Two years on, although losing his lower leg has made everyday life trickier, Patterson doesn't let it hold him back.
"I don't feel 'disabled'; I just can't do certain things. Life is a just little bit more awkward now. I take chairs to festivals, make a few little creative adjustments." Watching him, you could easily not even notice, although he explains that "walking down stairs is the one thing I'll never be able to do 'normally' . You'll notice straight away." He also fears staying in a place with the toilet on another floor: "It's a nightmare. You don't want to put the leg on in the middle of the night, but you can't hop upstairs."
After the experience of being stitched up by a rural vet in Mexico, Patterson is full of praise for the NHS, the staff at Charing Cross Hospital, and the prosthetic limb he's been given. "I'm very lucky to live in this country. The leg is an amazing bit of tech."
He was offered a "real"-looking, flesh-toned leg cover, but opted to keep the shiny metal skeleton, which he thinks looks great. "It's like having a new limb: I lost a leg and gained a stump!"
Patterson has been fitted with a series of 10 prosthetic limbs, decreasing in size as his stump shrank, but hopes his most recent will be the last. He has also just collected a water-proof leg for swimming and showering.
"I'm looking forward to being able to have my first proper, stand-up shower, and I'm absolutely dying to go swimming again," he says with a grin. "I'd like to jump in too – I'm not afraid of jumping any more."
Life after amputation
* Below the knee amputations (BKA), also know as transtibial, are among the most common major limb amputations. Statistically about half of all major lower-limb amputations are transtibial.
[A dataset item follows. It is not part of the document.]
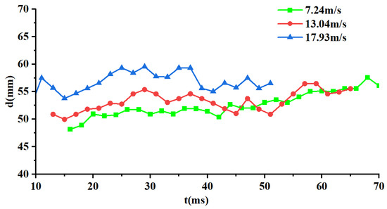 Figure 7 and Figure 8 provide quantitative characterization of cavity length and diameter evolution under the three experimental conditions investigated. The figures indicate that cavity size has a non-linear positive correlation with ejection velocity. At , the maximum cavity length reaches 8.13 D (D is the diameter of the slender body), and the maximum diameter is about 1.99 D, while at , these are only 5.98 D and 2.02 D, respectively.

* Those who undergo BKA retain the knee joint. This is important, as the process for mimicking native leg movement becomes much easier for any prosthetic limb that is attached. Because of this, transtibial amputees have a high chance of regaining normal mobility.
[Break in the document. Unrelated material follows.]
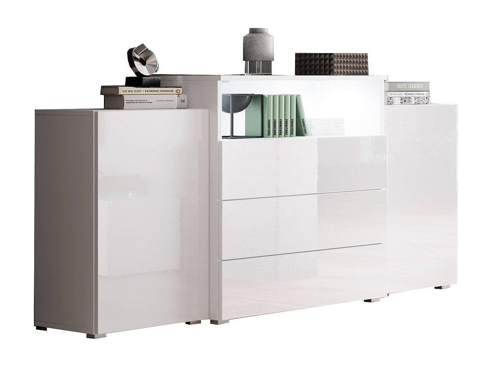 Komoda 150 cm do salonu z LED – nowoczesna stojąca z 3 szufladami, korpus biały mat, fronty biały połysk

* The amputation must be done high enough up the leg, to an area that has good blood supply. This ensures proper healing of the stump.
* The accidents most likely to result in a transitibial amputation are traffic accidents, followed by farm and industrial accidents.
* Amputations as a result of disease are performed as a lifesaving measure. Common examples of this are peripheral vascular disease (poor circulation of the blood) and cancer.
* Most amputees suffer from a sensation known as "phantom limb" post-amputation. Phantom limb is that sensation of still being able to feel the amputated limb, however, it is usually fairly mild and passes with time.